= Videogame Rating Council =

American rating system

The Videogame Rating Council (V.R.C.) was introduced by Sega of America in 1993 to rate all video games that were released for sale in the United States and Canada on the Master System, Genesis, Game Gear, Sega CD, 32X, and Pico. The rating had to be clearly displayed on the front of the box, but their appearance in advertisements for the video game was strictly optional. It was later supplanted by the industry-wide Entertainment Software Rating Board.

== History ==

As the 16-bit era of video games began in the late 1980s, their content became more realistic. The increased graphical and audio fidelity of the products made violent scenes appear more explicit, especially those containing blood. As controversy stemmed around the realism of this violence, 1992 games Mortal Kombat and Night Trap entered the limelight. Mortal Kombat is a brutal fighting game and Night Trap is a full-motion video Sega CD game where players protect a slumber party from vampires. The games were at the center of federal hearings held from December 9, 1993, to March 4, 1994 by United States senators Joseph Lieberman and Herb Kohl. (Note: Formally, these were the joint hearings between the Subcommittee on Juvenile Justice of the Committee of the Judiciary and the Subcommittee on Regulation and Government Information of the Committee of Governmental Affairs of the 103rd United States Congress.) As a result, the video game industry was given a year to create its own classification system or to otherwise have one imposed on them by the federal government. In May 1993, British censors banned Night Trap from being sold to children under 15 years old in the United Kingdom, which was an influence on Sega's decision to create an age rating system.

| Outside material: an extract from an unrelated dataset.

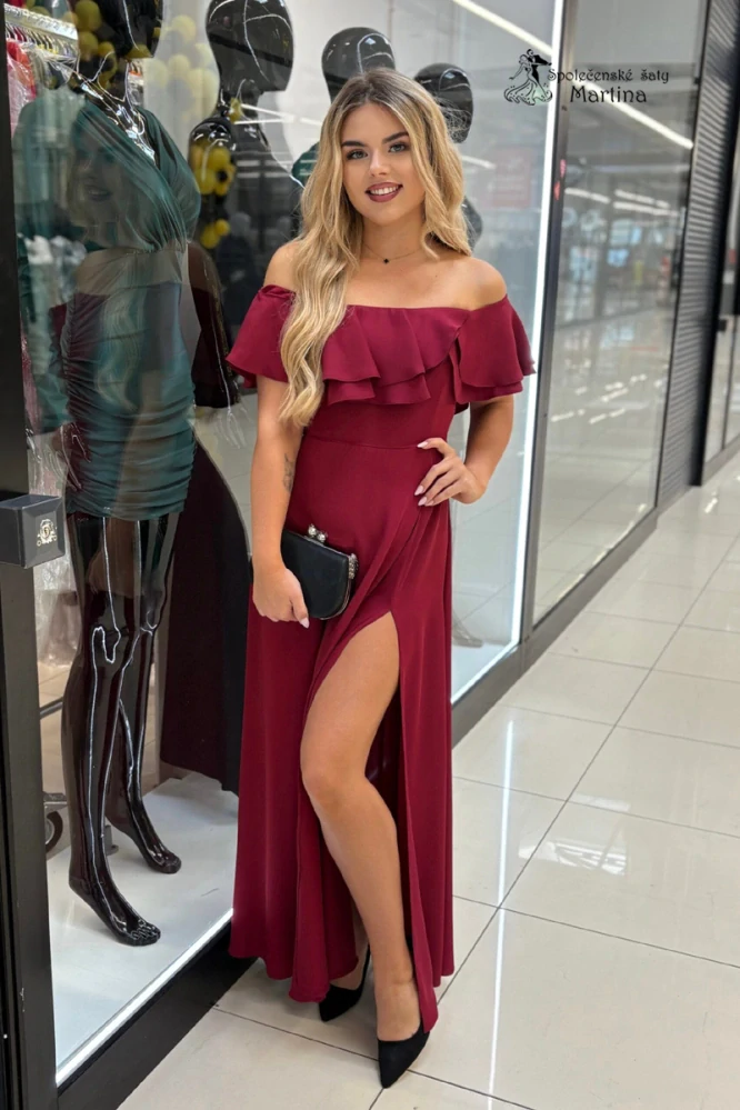- Vínové šaty s volánem "Natalia" s odhalenými rameny a rozparkem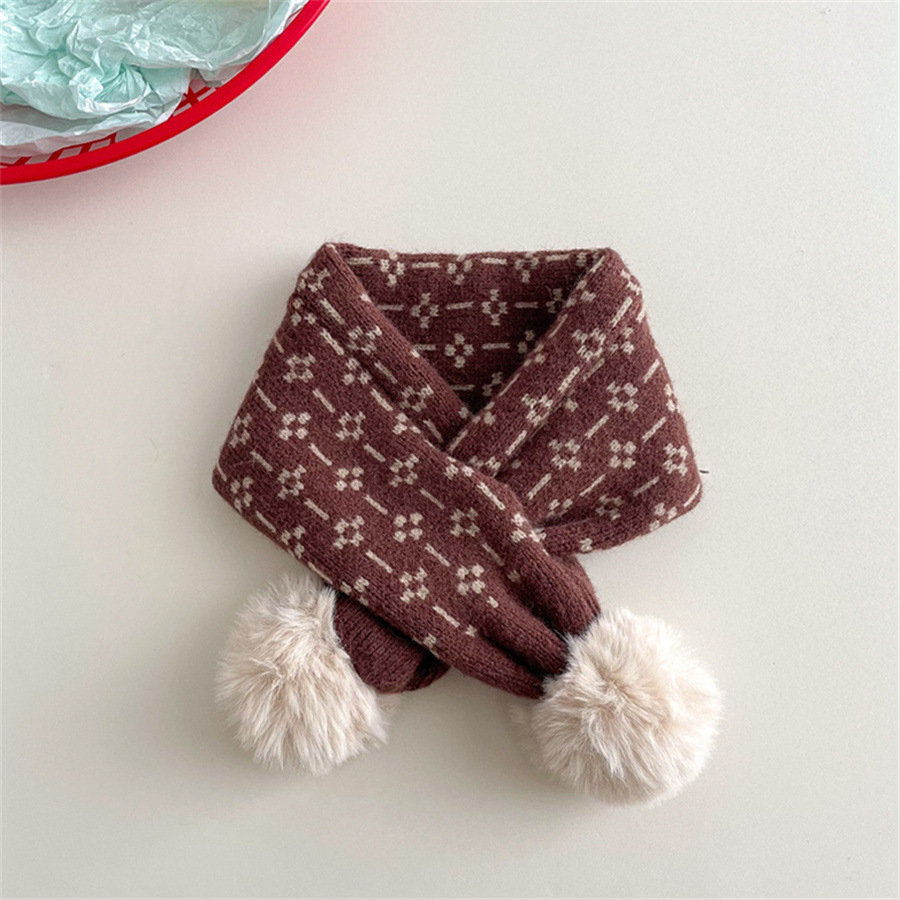 어린이 크로스 니트 스카프 Ins 겨울 귀여운 헤어 볼 방풍 아기 네커 따뜻한 여자 스카프

Prior to the hearings, Sega had become aware of rumblings from politicians that video game content was being scrutinized. As Sega was preparing to release the controversial Mortal Kombat for the Sega Genesis, the company worked to create its own rating system so that they would be able to market Mortal Kombat as a mature game not intended for children. Sega initially tried to license the Motion Picture Association of America's (MPAA) own rating system, but the MPAA refused. Instead, Sega created its own Videogame Rating Council (VRC) and revealed its existence on May 24, 1993. The council consisted of experts in education, psychology, and sociology as appointed by Sega. The VRC was one of several ratings groups to appear (among them, 3DO's 3DO Rating System). The VRC classified games that worked with Sega's consoles into three categories based on age: GA ("general audiences"), MA-13 ("mature audiences"), and MA-17 ("for adults"). It was criticized by journalists and consumer groups for vagueness and inconsistency, and other companies did not want Sega to be in charge of the ratings organization. This was particularly true for Nintendo, which was in rivalry with Sega in the North American video game market at this time. Nintendo said that the rating system could be used to justify even more violent games. Sega responded by accusing Nintendo of hypocrisy for allowing fighting games such as Street Fighter II on its system. The lead editorial in the January 1994 issue of Electronic Gaming Monthly also criticized Sega for failing to inform and educate the public on the ratings system, particularly noting that the ratings appeared on the game boxes but usually not in advertisements for the games, and that most parents "either haven't a clue as to what [Sega's ratings] mean, don't know that they exist, or don't know why the game got the rating."

Following the hearings, the games industry created the Interactive Digital Software Association in April 1994, which made a proposal for a rating system. Upon the formation of the IDSA, Sega attempted to get the rating system, but it was declined by IDSA member Nintendo, who feared that they did not want to deal with its competitor. The proposal was adopted by the United States Congress in July 1994 and the Entertainment Software Rating Board (ESRB) was founded in September to execute the plan. The VRC ultimately folded that year when replaced by the ESRB. VRC ratings had been used on several hundred games made by Sega and others.

== Ratings ==

The three different ratings were as follows:

Ratings
| Symbol | Rating | Descriptor | Content |
|---|---|---|---|
|  | GA — General Audiences | Appropriate for all audiences. | No blood or graphic violence. No profanity, no mature sexual themes, and no usage of drugs or alcohol. |
|  | MA-13 — Mature Audiences | Parental Discretion Advised. | The game is suitable for audiences thirteen years of age or older. Game could have some blood in it and more graphic violence than a "GA" game. |
|  | MA-17 — Mature Audiences | Not appropriate for minors. | The game was suitable for audiences seventeen years of age or older. Games could have significant blood, graphic violence, mature sexual themes, profanity, drug or alcohol usage. |

==Before the Videogame Rating Council==
While rival console manufacturer Nintendo enforced strict content guidelines for games released on its hardware in North America, Sega differentiated itself with a more liberal content policy, allowing for the depiction of blood and graphic violence in software released on its home consoles, provided that the publisher label the game's packaging with a generic "Parental Advisory" warning.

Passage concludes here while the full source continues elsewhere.